Virtuel ou sur le vif

Biennale internationale du carton gravé 1
Galerie « L’entr@cte »
3 rue de Versailles
92410 Ville d’Avray
2 au 25 octobre 2020

Les estampes du collectif « Carton extrême carton »
(Cl. Claude Bureau)

Cette première biennale organisée par le collectif « Carton extrême carton », qui se consacre à la promotion de la cartogravure, fut victime au printemps du confinement général et fut annulée. Remplacée par son catalogue virtuel lors de la Fête de l’estampe 2020, elle est en cet automne, sur le vif, aimantée sur les murs de la galerie « L’entr@cte » de Ville d’Avray. Cent dix-huit estampes, réalisées avec des matrices en carton gravé, sont à voir disposées en une ligne horizontale continue, qui court dans tout l’espace, sans encadrement et sans vitre, à courte portée du regard du visiteur.

Enfin sur le vif écris-je car, malgré que j’aie eu le loisir de regarder sur l’écran de mon ordinateur, le 26 mai 2020, les soixante quatre estampes de son catalogue virtuel, pouvoir les observer en vrai, sans le truchement d’un écran vitré, est tout à leur avantage et tout au bénéfice de mon plaisir d’amateur. Enfin dans le monde réel ! Là, les qualités expressives propres à l’estampe – intrinsèques, allais-je écrire – sont mises en évidence. Qualités qu’aucun monde virtuel et numérique ne saurait restituer !

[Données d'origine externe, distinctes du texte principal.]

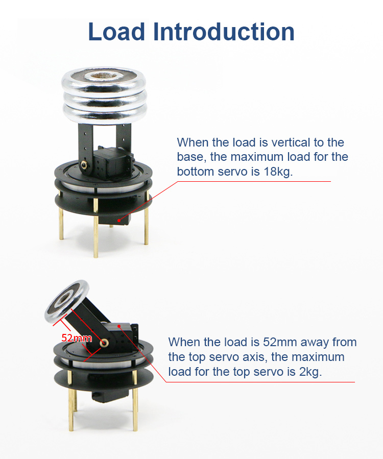 * When the load is vertical to the base, the maximum load for the bottom servo is 18kg.
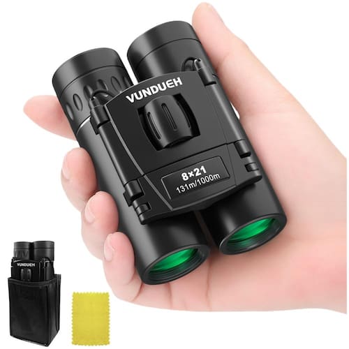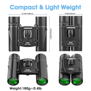 - ?Adequado para adultos e crianças? – Os mini binóculos compactos têm apenas 150 g, quebrando a estrutura tradicional grande. Eles são pequenos o suficiente para caber em um bolso ou bolsa de viagem. Os binóculos vêm com sua própria alça de pescoço, pano de limpeza e estojo de transporte. Você pode usá-los em qualquer lugar, a qualquer hora sem ser amarrado.

Une vue de la biennale (Cl. Claude Bureau)

Car, toutes ces qualités s’incarnent dans des réalités bien matérielles. Tout d’abord, les papiers si divers dans leur texture, leur grain, leur rugosité, leur soyeux, leur couleur ou leur fibre, etc. Chaque papier a sa manière particulière de capter la lumière. Ensuite, les rapports géométriques entre la surface du papier (d’un format identique : 20×30 cm) et celle de l’image, ces rapports sautent ici aux yeux et ils servent l’expression. Aussi, toutes les subtilités, les nuances, les variations, les transparences des tonalités surgissent-elles là bien visibles et expressives. Enfin, le moindre détail ou accident de la surface des matrices, qu’ils soient volontaires ou non, se laisse discerner sur le papier.

En comparant quelques-unes des estampes aimantées avec leur reflet virtuel consigné dans le catalogue, on peut mieux mesurer l’écart existant entre ces deux mondes. Par exemple, l’estampe de Blandine Courcoux où l’embrouillamini de l’image virtuel devient sur le vif parfaitement lisible avec son personnage à tête de cerf rouge-orangé qui danse dans un sous-bois gris-bleu. Le grand aplat rouge de celle de Balaguer Mitjans Mercede reste ici parfaitement transparent et laisse ses entailles noires s’entrelacer. Dans celle d’Ana Sartori, le relief du tissage et le fil doré du soleil dressent la magie d’une jungle impénétrable. Le graphisme maritime dans celle de Louise Le Besnerais vibre sur des gris-bleus évanescents qui resteraient invisibles sans avoir eu l’estampe devant les yeux. Enfin, la route glacée d’Anne Paulus ne brillerait pas si l’on ne pouvait avoir vu la totalité des minuscules détails de la surface du carton présents sur le tirage. Ces quelques exemples sont donc un vif encouragement à aller regarder, sur place et sur le vif, la centaine d’estampes proposées aux visiteurs par cette première biennale.

Une autre salle de la biennale (Cl. Claude Bureau)

Une dernière réflexion : souvent les estampes présentes sont numérotées avec un dénominateur indiquant un minuscule tirage. Cette rareté reflète-t-elle sans doute une tendance contemporaine qui courre parmi les jeunes artistes et, parfois, parmi les moins jeunes stampassins. Comme avec le dessin ou la peinture, ils pratiquent certainement l’estampe surtout pour ses qualités expressives soulignées ici et non pas pour user de la caractéristique principale de l’estampe qu’est sa reproductibilité. Cette caractéristique serait-elle alors en voie d’abandon au profit de cet autre monde, le virtuel ? Ce serait bien dommage.